The incident awakens something inside of Hutch and, for a short time, Nobody seems like it might play out similarly to Death Wish (1974), in which criminals messed with the wrong Average Joe, turning Dad into Rambo. Hutch visits his father (Christopher Lloyd), a retired FBI agent, takes his old badge, and sets out to find his daughter’s kitty-cat bracelet, which he thinks was stolen by the thieves. But then a crucial moment comes when it’s revealed that Hutch isn’t an everyman; rather, he’s an ex-killing machine who has tried to retire into a quiet life. What begins as a simple catharsis of beating up some nogoodniks on a city bus (set to the song “I’ve Gotta Be Me,” putting a fine point on the reclaimed masculine pride theme) escalates into a war with the Russian mob, headed by the merciless, karaoke-singing Yulan (Alexey Serebryakov). Backed by an endless supply of goons, Yulan sends his small army to Hutch’s home, starting a war that reaches a bloody, Home Alone-style climax in an industrial factory. 

No wonder Derek Kolstad, architect of the John Wick franchise, wrote the screenplay. Hutch operates with the skill of Wick and, like Reeves’ character, is goaded into a face-off against a whole cadre of anonymous Russians. Except, where Wick distributes headshots with almost mechanical precision, Hutch has the physical vulnerability of Die Hard’s bare-footed John McClane, making the character feel more human. Odenkirk takes some painful-looking beatings (not to mention the occasional knife and bullet) in the movie’s energetic combat, choreographed to visceral perfection and captured with frenzied clarity by director Ilya Naishuller—particularly in the deliriously violent bus fight. The gunplay, too, resists the martial arts ballet of the John Wick movies and instead recalls something brutalist by Paul Verhoeven, where every punch and bullet looks like it hurts. Naishuller also made the disappointing Hardcore Henry (2016), a relentless shoot-em-up that nonetheless signaled his talent for orchestrating chaotic action and making it seem scrappy yet coherent. 

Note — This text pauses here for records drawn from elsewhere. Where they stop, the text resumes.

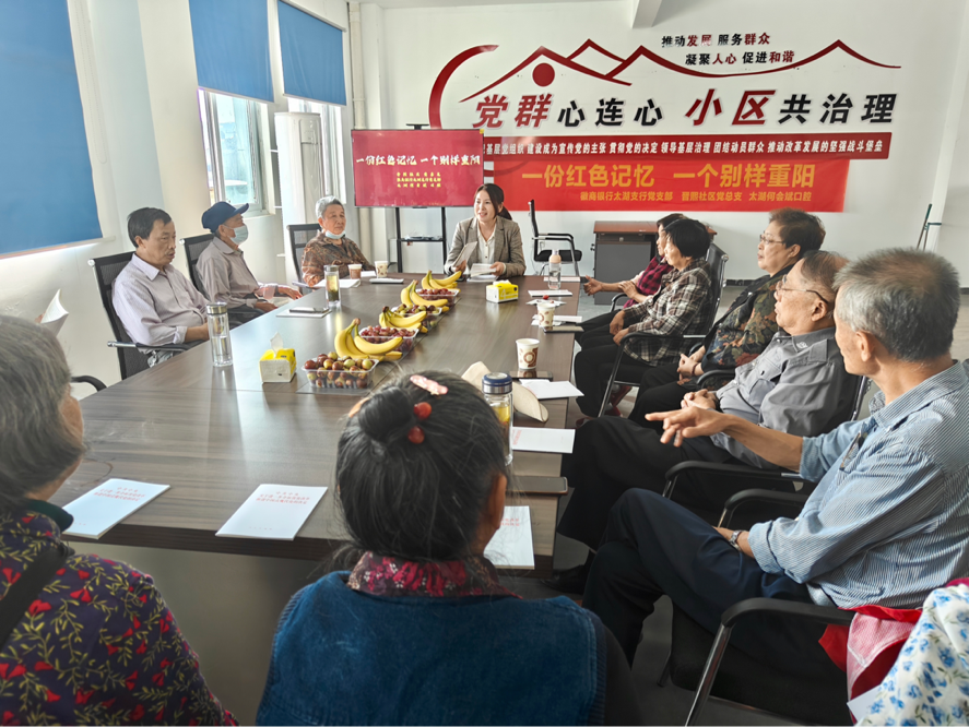 金秋送爽,丹桂飘香。为弘扬中华民族尊老敬老的传统美德,传承红色文化基因,重阳节当天,晋熙社区联合共建单位徽商银行太湖支行开展了以“一份红色记忆 一个别样重阳”为主题的庆祝活动。
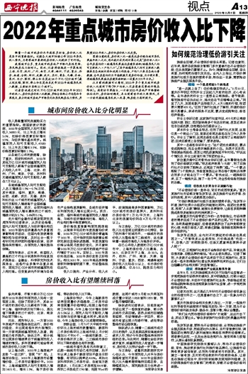2022年重点城市房价收入比下降
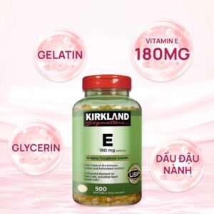 Vitamin E 400 IU Kirkland Signature 500 viên là sản phẩm bổ sung vitamin E được nhiều người tin dùng nhờ hàm lượng cao và chất lượng ổn định. Mỗi viên cung cấp 400 IU vitamin E, giúp hỗ trợ chống oxy hóa, góp phần bảo vệ tế bào trước các tác nhân gây hại từ môi trường. Viên uống còn hỗ trợ duy trì làn da mềm mại, giảm khô ráp và giúp cơ thể khỏe mạnh hơn từ bên trong. Sản phẩm phù hợp cho người trưởng thành có nhu cầu bổ sung vitamin E hằng ngày để chăm sóc sức khỏe lâu dài. Dạng viên nang mềm dễ uống, thuận tiện sử dụng mỗi ngày. Lọ lớn 500 viên của Kirkland Signature giúp tiết kiệm chi phí và dùng được trong thời gian dài.
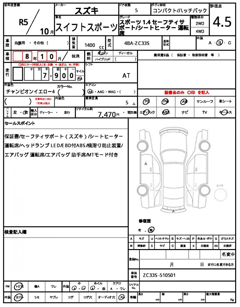 | VIN/Serial No. | ZC33S-510501 |
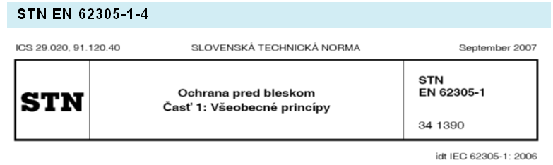V STN EN 62305-2 je uvedené, ako možno zistiť požadovanú triedu ochrany pred bleskom na základe výpočtu predpokladaného rizika a predpokladaných škôd a strát. V STN EN 62305-1 sú udané parametre bleskového prúdu, ktoré sa používajú pri dimenzovaní ochrany pred bleskom podľa zodpovedajúcej triedy ochrany pred bleskom.
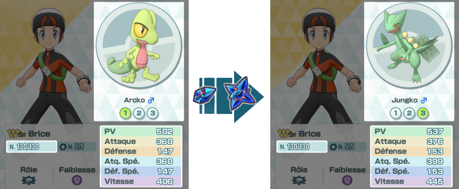 Lorsqu'un Pokémon évolue, non seulement son apparence change, mais surtout, ses statistiques sont renforcées !

The director’s knack for bravado action shines in part because Kolstad’s script makes us care about Hutch, but we only care because he is perfectly cast. Place another actor in the role—anyone from Liam Neeson to today’s inexpressive Bruce Willis—and suddenly Hutch doesn’t seem real or sympathetic. He is, after all, a rather vicious action junkie on a rampage, even though he performs a life-saving tracheotomy after breaking one thug’s windpipe. Odenkirk’s comic sensibilities lend his character appealing deadpan humor that turns otherwise macho lines (“Give me the fucking kitty-cat bracelet!” or “I’m gonna fuck you up!”) into ironic moments of Hutch’s aggressive humanity clawing its way to the surface. Alternatively, in a hilarious and aching pattern, Hutch monologues to the hired thugs, whom he’s just beaten to within an inch of their lives, and confesses his motivations for retiring as an auditor—named as such because he’s “the last guy anyone wants to see at their door.” But before he can finish his story, the thugs die, leaving his backstory incomplete and his existential crisis humorously unresolved. It’s a macabre joke for a darkly funny movie, yet it speaks to Hutch’s essential humanness and makes 92 minutes of extreme violence not without motivations rooted in its character.